A friend who had buried his son when he was in his 30’s because of a car accident told me it was the hardest thing that he had faced in his life. He said you will never get over it. I have a settled peace because I know he served God so faithfully in his life time. The bible says:Laughter can conceal a heavy heart, but when the laughter ends, the grief remains.” Proverbs 14:13 New Living Translation; and “For his anger lasts only a moment, but his favor lasts a lifetime; weeping may stay for the night, but rejoicing comes in the morning.New International Version

I did not blame God for his accident. It was not God’s fault but Kerry’s. He was the manager of a Christian camp and they were testing the Zip Line. He said he was going to put a 300 pound weight on the line and send it down to see if it cleared the roof of the building that passed over. He put a 60 pound weight and it was no problem at all. To the naked eye it looked like it would clear the building with no problem. His daughter who strapped him in begged him not to go on it until he had tested it with the heavy weight but he was sure it would be no problem so he went down the line and hit the building roof then the zip line went crazy swinging from side to side and banging him against trees on both sides. He never did regain consciousness and died before the emergency vehicles could arrive. Human error and not God’s fault is my prognosis. Could God have stopped him? God can do anything he chooses. He made man a free moral agent and man can choose to drink and drive or text and drive and for too many it brings death. If God had made us puppets on a string then we could blame him for everything that happens to us. However, God wanted to give us choices thus He made us in His image as free moral agents.  As the people of Jesus’ day said about Jesus when Lazarus died, could not Jesus have prevented Lazarus from dying? Yes, he could have and he could have done a miracle and kept Kerry alive or he could have raised Kerry from the dead like he did for Lazarus.  It was not his will to do so.

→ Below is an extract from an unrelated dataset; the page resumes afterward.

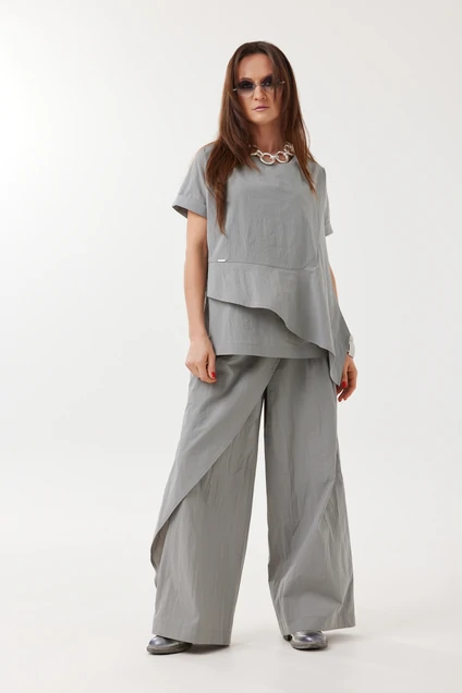 Комплект женский, состоящий из туники и брюк. Туника прямого силуэта, со спущенной линией плеча и притачной манжетой. Горловина - лодочка. Перед с фигурным подрезом и отлетным декоративным элементом. Спинка со средним швом. Брюки прямого силуэта. Пояс притачной, с резинкой по задней части. Застёжка на молнию, петлю и пуговицу. Перед с боковыми карманами и складками. Правая часть переда с отлетным декоративным элементом, застёгивающимся на потайную петлю и пуговицу.

It was said of some people in the Bible that died full of years. It could be said of Kerry that he died full of service for his Lord. He accepted Jesus as his Lord at an early age and served him in his teen years. I took him through the Billy Hanks disciple training; meeting weekly with him in a restaurant every Saturday morning for six months. In college he worked as assistant Baptist Campus Minister and pastored a small rural church in Southern NM. He went to Southwestern Baptist Seminary and pastored a small town church on the weekends. After he graduated he did Clinical Pastoral Training in a hospital in Harlingen, TX. Then he pastored a church in Deming, NM. Then he worked as a Baptist Campus Minister in Silver City, NM. He then went to Sitka, AK where he was a pastor for 10 years. While in Sitka he earned a Doctor of Ministry degree from Golden Gate Baptist Theological Seminary. In May of 2013 he came back to New Mexico to be the Camp Manager of Inlow Baptist Camp. He called it his dream job because he loved the camp that he had attended from early childhood through his teen years and had made a profession of faith and surrendered to preach the gospel. From there he went to Heaven.